Work to be completed →
Quote exactly, and only, the lines of the material below from the line with "明日があるさ 坂本 九 アカペラ 中級 Aqua House Music" through the line with "リラックマのデザインの可愛い".

Working data →
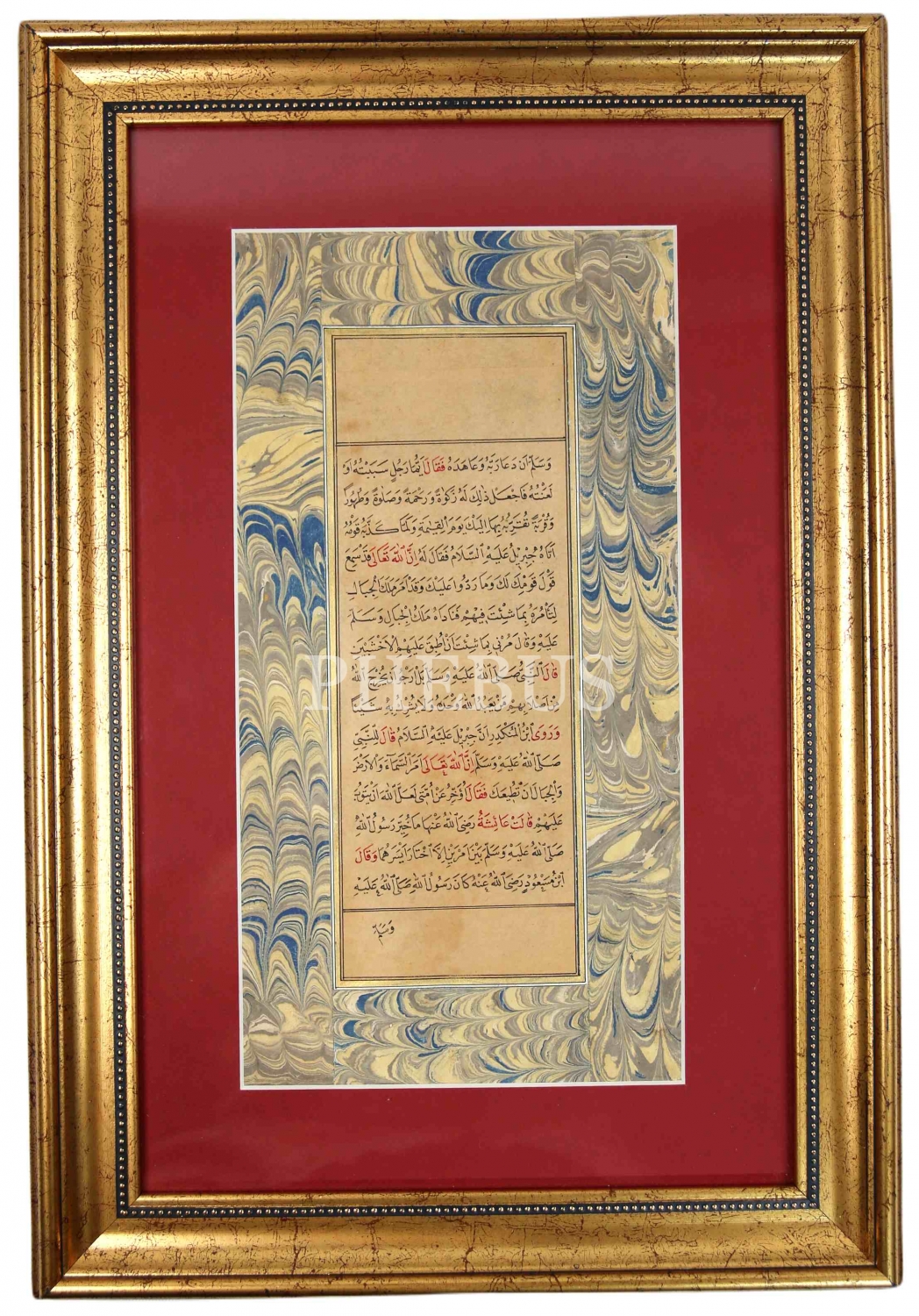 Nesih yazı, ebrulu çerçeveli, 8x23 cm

--

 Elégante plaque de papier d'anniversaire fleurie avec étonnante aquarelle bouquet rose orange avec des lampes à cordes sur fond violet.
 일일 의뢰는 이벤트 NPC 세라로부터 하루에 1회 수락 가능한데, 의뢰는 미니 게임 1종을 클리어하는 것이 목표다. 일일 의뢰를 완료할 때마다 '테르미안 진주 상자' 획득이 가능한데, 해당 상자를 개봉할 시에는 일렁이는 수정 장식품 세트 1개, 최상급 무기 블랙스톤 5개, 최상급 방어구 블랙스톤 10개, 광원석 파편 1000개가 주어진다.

* * *

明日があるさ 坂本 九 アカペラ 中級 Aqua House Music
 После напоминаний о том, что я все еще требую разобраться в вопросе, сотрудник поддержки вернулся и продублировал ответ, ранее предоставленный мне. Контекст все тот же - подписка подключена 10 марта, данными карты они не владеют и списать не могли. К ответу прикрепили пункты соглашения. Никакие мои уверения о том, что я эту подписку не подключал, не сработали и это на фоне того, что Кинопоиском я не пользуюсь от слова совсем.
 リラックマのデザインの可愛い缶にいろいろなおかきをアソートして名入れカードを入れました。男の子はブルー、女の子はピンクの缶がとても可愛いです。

Your solution →
明日があるさ 坂本 九 アカペラ 中級 Aqua House Music
 После напоминаний о том, что я все еще требую разобраться в вопросе, сотрудник поддержки вернулся и продублировал ответ, ранее предоставленный мне. Контекст все тот же - подписка подключена 10 марта, данными карты они не владеют и списать не могли. К ответу прикрепили пункты соглашения. Никакие мои уверения о том, что я эту подписку не подключал, не сработали и это на фоне того, что Кинопоиском я не пользуюсь от слова совсем.
 リラックマのデザインの可愛い缶にいろいろなおかきをアソートして名入れカードを入れました。男の子はブルー、女の子はピンクの缶がとても可愛いです。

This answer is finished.